WINE: Wavelet-Guided GAN Inversion and Editing for High-Fidelity Refinement
Chaewon Kim, Seung-Jun Moon, Gyeong-Moon Park
TL;DR
WINE tackles the persistent low-frequency bias in GAN inversion by introducing a frequency-domain approach that explicitly preserves high-frequency details. It combines a wavelet loss targeting high-frequency subbands with a wavelet fusion mechanism to transfer high-frequency information into the generator, enabling high-fidelity inversion and robust editing. The method demonstrates superior reconstruction quality and editability over state-of-the-art baselines across multiple datasets, supported by ablations and theoretical insights into sub-band information content. This frequency-aware framework has practical implications for more accurate image restoration and editing in GAN-based pipelines, and may generalize to other wavelet-augmented generators. The work thus advances high-fidelity inversion and editing by bridging spatial and spectral information through wavelet analysis.
Abstract
Recent advanced GAN inversion models aim to convey high-fidelity information from original images to generators through methods using generator tuning or high-dimensional feature learning. Despite these efforts, accurately reconstructing image-specific details remains as a challenge due to the inherent limitations both in terms of training and structural aspects, leading to a bias towards low-frequency information. In this paper, we look into the widely used pixel loss in GAN inversion, revealing its predominant focus on the reconstruction of low-frequency features.

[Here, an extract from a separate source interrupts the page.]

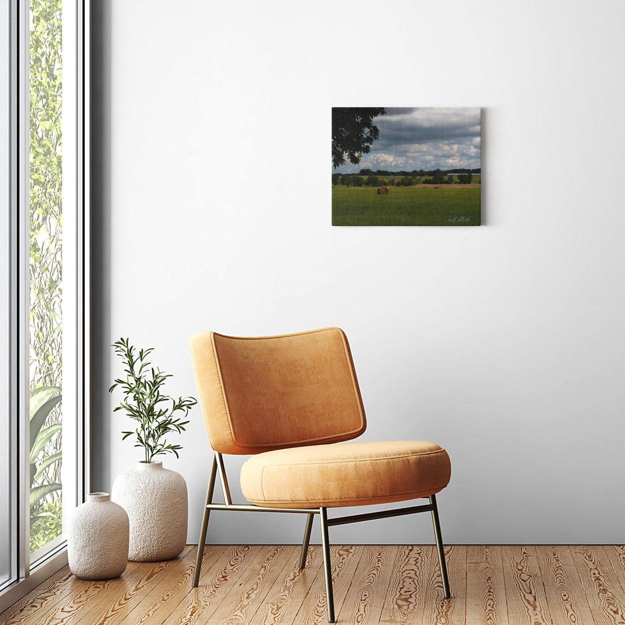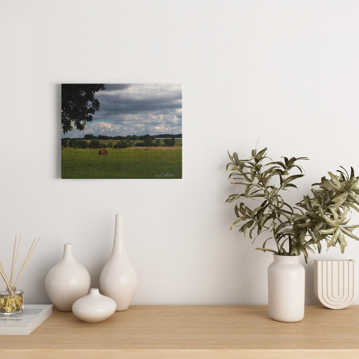 Experience the serene beauty of rural landscapes with this stunning photograph by a.d. elliott, featuring a large field adorned with hay bales, a rustic barn, and trees set against a dramatic cloudy sky. This captivating image invites you to appreciate the tranquility of nature. Available in print sizes ranging from 8X10 to 24X30, each piece is printed on high-quality, artist-grade stock and elegantly folded around a lightweight frame, ensuring a gorgeous, gallery-ready appearance that enhances any space.

We then propose WINE, a Wavelet-guided GAN Inversion aNd Editing model, which transfers the high-frequency information through wavelet coefficients via newly proposed wavelet loss and wavelet fusion scheme. Notably, WINE is the first attempt to interpret GAN inversion in the frequency domain. Our experimental results showcase the precision of WINE in preserving high-frequency details and enhancing image quality. Even in editing scenarios, WINE outperforms existing state-of-the-art GAN inversion models with a fine balance between editability and reconstruction quality.